#### Exercise inputs:
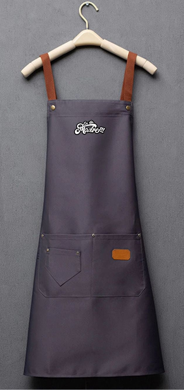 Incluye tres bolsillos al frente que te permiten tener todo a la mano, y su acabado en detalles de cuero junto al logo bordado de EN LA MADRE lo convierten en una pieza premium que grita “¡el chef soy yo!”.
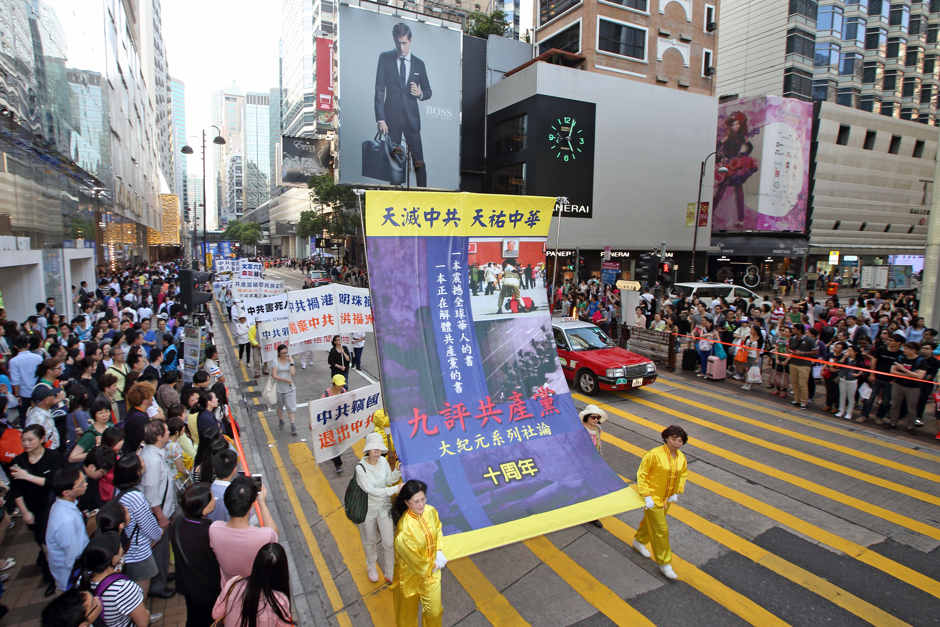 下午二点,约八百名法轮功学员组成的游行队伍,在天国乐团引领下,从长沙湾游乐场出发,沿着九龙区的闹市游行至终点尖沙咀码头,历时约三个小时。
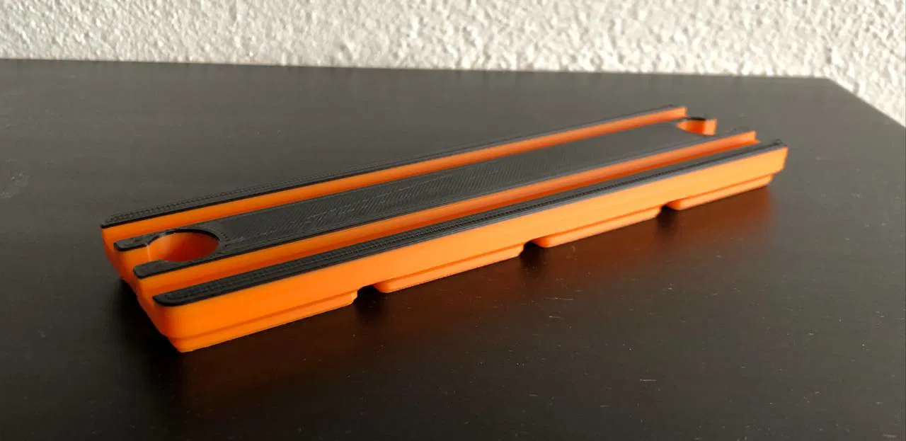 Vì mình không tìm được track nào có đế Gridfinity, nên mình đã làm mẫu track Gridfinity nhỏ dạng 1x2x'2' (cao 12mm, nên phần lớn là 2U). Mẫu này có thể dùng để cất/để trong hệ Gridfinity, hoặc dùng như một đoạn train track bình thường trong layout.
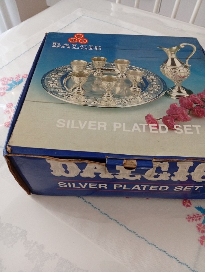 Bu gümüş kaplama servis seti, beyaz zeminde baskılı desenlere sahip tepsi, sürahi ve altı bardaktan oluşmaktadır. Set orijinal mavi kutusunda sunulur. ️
...
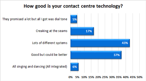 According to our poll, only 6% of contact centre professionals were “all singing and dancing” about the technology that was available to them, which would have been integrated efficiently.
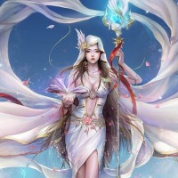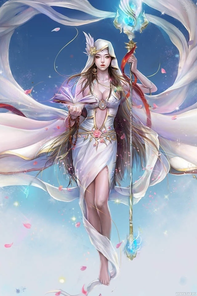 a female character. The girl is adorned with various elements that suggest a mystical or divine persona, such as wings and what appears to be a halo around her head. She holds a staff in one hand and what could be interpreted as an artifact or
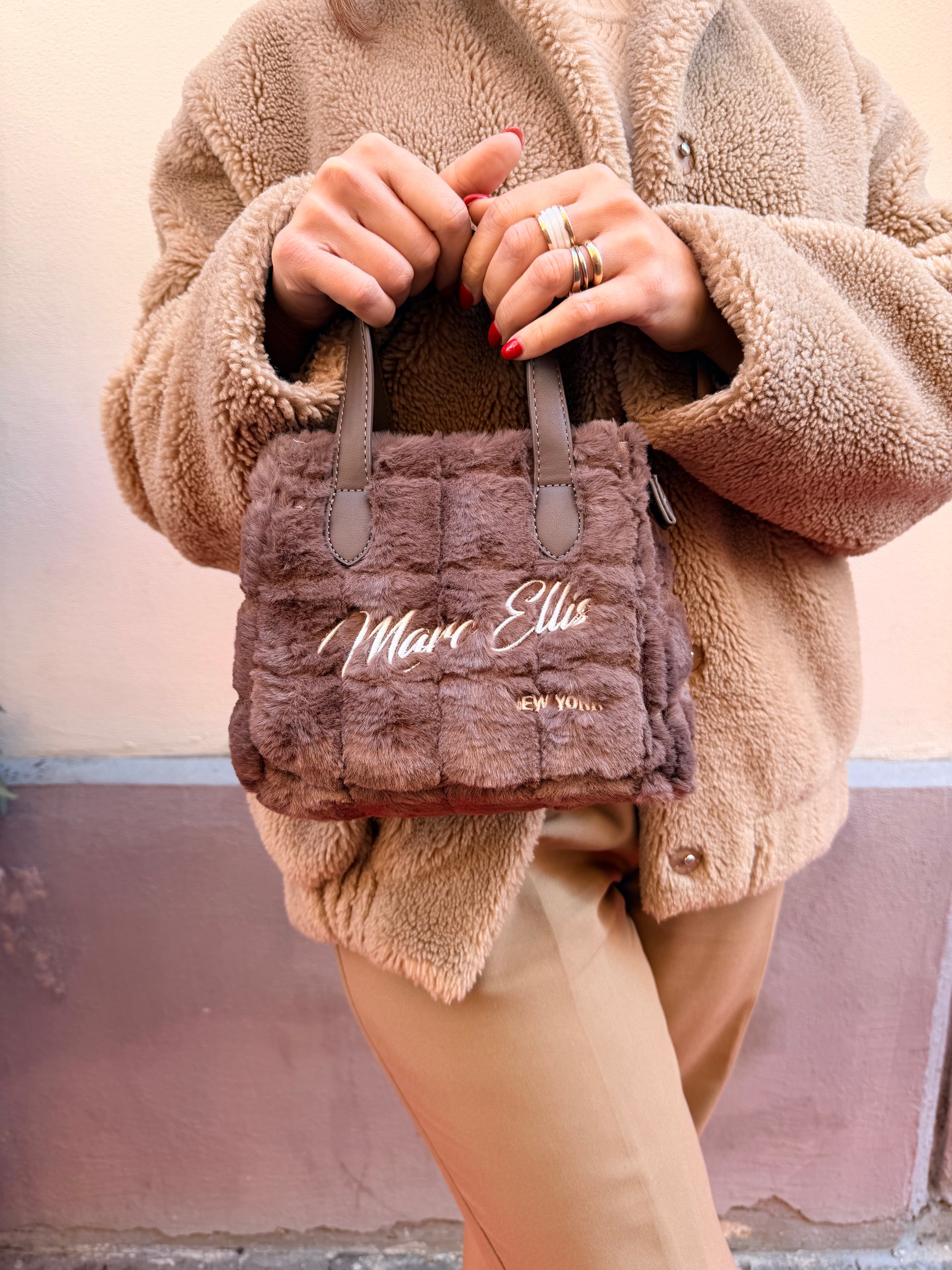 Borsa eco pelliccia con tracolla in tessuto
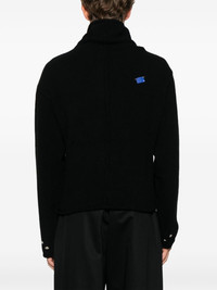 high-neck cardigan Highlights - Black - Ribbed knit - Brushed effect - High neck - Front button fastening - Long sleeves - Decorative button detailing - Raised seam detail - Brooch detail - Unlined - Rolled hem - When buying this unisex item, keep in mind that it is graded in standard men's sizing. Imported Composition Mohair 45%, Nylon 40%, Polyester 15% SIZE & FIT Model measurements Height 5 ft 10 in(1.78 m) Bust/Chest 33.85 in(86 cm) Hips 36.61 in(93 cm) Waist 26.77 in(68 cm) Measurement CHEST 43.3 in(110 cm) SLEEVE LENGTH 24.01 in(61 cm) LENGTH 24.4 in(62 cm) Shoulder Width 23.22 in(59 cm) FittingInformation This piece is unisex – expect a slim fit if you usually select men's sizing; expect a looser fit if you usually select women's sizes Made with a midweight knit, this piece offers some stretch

#### Exercise:
Repeat exactly, and only, the entries from the line with "下午二点,约八百名法轮功学员" through the line with "Bu gümüş kaplama". Pictures are skipped.

#### Task solution:
 下午二点,约八百名法轮功学员组成的游行队伍,在天国乐团引领下,从长沙湾游乐场出发,沿着九龙区的闹市游行至终点尖沙咀码头,历时约三个小时。
 Vì mình không tìm được track nào có đế Gridfinity, nên mình đã làm mẫu track Gridfinity nhỏ dạng 1x2x'2' (cao 12mm, nên phần lớn là 2U). Mẫu này có thể dùng để cất/để trong hệ Gridfinity, hoặc dùng như một đoạn train track bình thường trong layout.
 Bu gümüş kaplama servis seti, beyaz zeminde baskılı desenlere sahip tepsi, sürahi ve altı bardaktan oluşmaktadır. Set orijinal mavi kutusunda sunulur. ️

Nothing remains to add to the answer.